Network incident, 13 October 2021
13 October - 6pm
For weeks now, we have been facing an increase in DDoS attacks, which we counter every day.
In an effort to improve our defence mechanisms, we continually strengthen our configurations to improve the level of protection offered to our customers.
A change was prepared and validated by our Change Advisory Board (CAB) per the correct Method of Procedures (MOP) and peer review (announced on 2021-10-12 at 16:28 CET).
2021-10-13 09:05 CET - The planned change is initiated as scheduled: (http://travaux.ovh.net/?do=details&id=53785)
2021-10-13 09:18 CET - Change actions are carried out as expected (BGP isolation, configuration updates).
2021-10-13 09:20 CET - When modifying the network configuration, a problem occurred. The router did not interpret a command correctly.
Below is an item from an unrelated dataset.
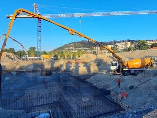 E’ sicuramente un momento importante per l’opera che Sanremo attende da oltre 50 anni e che vedrà il termine dei lavori entro il 2023. La piastra di fondazione poggia su 250 pali gettati in opera e del diametro di 50 cm ciascuno che arrivano fino allo strato roccioso sottostante posto a circa 17 metri sotto l’ex piazzale. Fino a tarda sera saranno circa 700 metri cubi di calcestruzzo.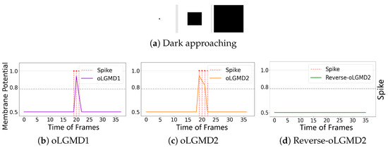 Figure 13. Illustrations of the responses of three collision selective models to dark approaching stimulation: the results indicate that both oLGMD1 and oLGMD2 generate collision warnings in response to the dark approaching stimulus, whereas reverse-oLGMD2 remains unresponsive.

The aim was to regulate the redistribution of BGP in OSPF. All IPv6 traffic remained accessible.
2021-10-13 09:21 CET - The team detected a problem with the router's performance and started the escalation process immediately.
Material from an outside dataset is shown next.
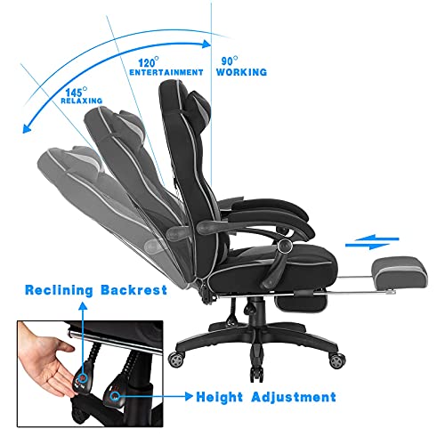 COMFORT PERSONALIZZABILE: Questa sedia da gaming è dotata di un pistone a gas classe 3, che consente di regolare l'altezza della seduta da 45 cm a 52 cm. Lo schienale ergonomico può essere regolato da 90 gradi a 145 gradi. Puoi sdraiarti e riposarti quando sei stanco dal lavoro o quando il gioco è in pausa. Il poggiapiedi può estendersi di 45 cm, alleviando efficacemente la pressione sulle gambe

2021-10-13 09:25 CET - The start of the crisis management process was launched, in accordance with our procedures in place (the delay with the crisis is due to the expectation related to the convergence time of change).
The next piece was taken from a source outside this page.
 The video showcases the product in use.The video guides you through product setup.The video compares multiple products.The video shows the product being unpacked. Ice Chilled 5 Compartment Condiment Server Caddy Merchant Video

2021-10-13 09:30 CET - The rollback procedure didn't work, so we took the decision to physically isolate the associated equipment and triggered on-site physical support.
2021-10-13 09:45 CET - The datacentre team is dispatched to the telecom room to launch the second bypass plan.
2021-10-13 10:00 CET - The datacentre technician begins operations in then telecom room (3:00 am local time USA)
2021-10-13 10:02 CET - The first request was for the disconnection of the optical equipment to isolate connectivity and restore service as quickly as possible.
2021-10-13 10:10 CET - We make the decision to power off the faulty router.
2021-10-13 10:18 CET - The defective device is switched off (it takes two minutes for network convergence).
2021-10-13 10:20 CET - First services are restored.
2021-10-13 10:30 CET - The stabilisation of connectivity to restore all remaining services begins.
2021-10-13 10:57 CET - This is the end of the crisis from a technical point of view.
2021-10-13 10:30 CET - Ongoing actions are taken to finalise and verify the stability of our network and finalise the restoration of the remaining adjacent and non-blocking services (tasks will be follow-up actions).
OVHcloud operates a global network that spans all continents. To ensure the best possible access for its customers, this network is fully meshed.
By nature, mesh means that all the routers participating in the network are connected to each other, directly or indirectly, and constantly exchange routing information.
During the outage, the entire internet routing table was announced in the OVHcloud IGP. The massive influx of routing information on the IGP led some routers to behave in an unstable manner. Since the OSPF table was full, this caused the RAM and CPU to become overloaded. The impact was on IPv4 routing only and all IPv6 traffic was accessible.
A convergence loop between BGP and OSPF occurred, rendering IPv4 routing inoperable. This has made it impossible to process IPv4 traffic correctly on all of our websites.
We were able to regain control of the situation very quickly, by accessing the faulty equipment and isolating it from the network.
(After D2 was offline, the network converges began, emptying OSPF tables on devices and routing traffic to nominal gateways.)
Our immediate plan of action is to re-evaluate our change procedure on this type of equipment (which natively applies the command line) and to strengthen the relative change process accordingly.
Since this incident has had an impact on our customers’ use of IPv4, our teams around the world have been monitoring the situation as closely as possible to help customers restore their services and keep them informed.
You can view all information on our operations on our dedicated platform: http://travaux.ovh.net/
We apologise for any inconvenience this may cause you.
13 October - 11:30am
On the October 13th at 9:12am (CET/Paris time), we carried out interventions on a router in our Vint Hill datacentre in the United States, which caused disruptions to our entire network. These interventions were aimed at reinforcing our anti-DDoS protections, attacks have been particularly intense in recent weeks.
The OVHcloud teams quickly intervened to isolate the equipment at 10:15am. Services have been restored since this intervention.
We are currently contacting our customers to confirm that all their services have been restored.
We sincerely apologise to all our customers who were affected and will be as transparent as possible about the causes and consequences of this incident.